In this project we needed to find a data set that was completely numerical. Through the use of a classification model we were supposed to determine if this could be applied in the real world or if something more complex was required.

import pandas as pd
import seaborn as sns
from sklearn import tree
import numpy as np
from sklearn.model_selection import train_test_split
from sklearn.naive_bayes import GaussianNB
from sklearn.metrics import confusion_matrix 
from sklearn.metrics import classification_report
import matplotlib.pyplot as plt
from sklearn.metrics import confusion_matrix, classification_report, roc_auc_score 

Dataset from here

Dataset and EDA#

This Dataset is contains chemical analysis of wines grown in the same region in Italy but derived from three different cultivars (represented simply as 1-3), these features include color intensity but also alcohol contents and ash which are not visualy determinable.
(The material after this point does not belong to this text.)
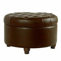 Draw some interest while kicking up your feet with the positively handsome design of this ottoman. Foam cushioning and sleek faux-leather upholstery offer transitional beauty and plush comfort, while the wood frame withstands consistent use. The ottoman has a tufted lift-off lid, revealing spacious storage that lets you keep small items out of sight.

The task at hand is to determine if wine is from one of the three class’s based off of their chemical compounds and looks.

column_names = ["class", "Alcohol", "Malicacid", "Ash", "Alcalinity_of_ash", "Magnesium", "Total_phenols",
                "Flavanoids", "Nonflavanoid_phenols", "Proanthocyanins", "Color_intensity", "Hue", "0D280_0D315_of_diluted_wines", "Proline"]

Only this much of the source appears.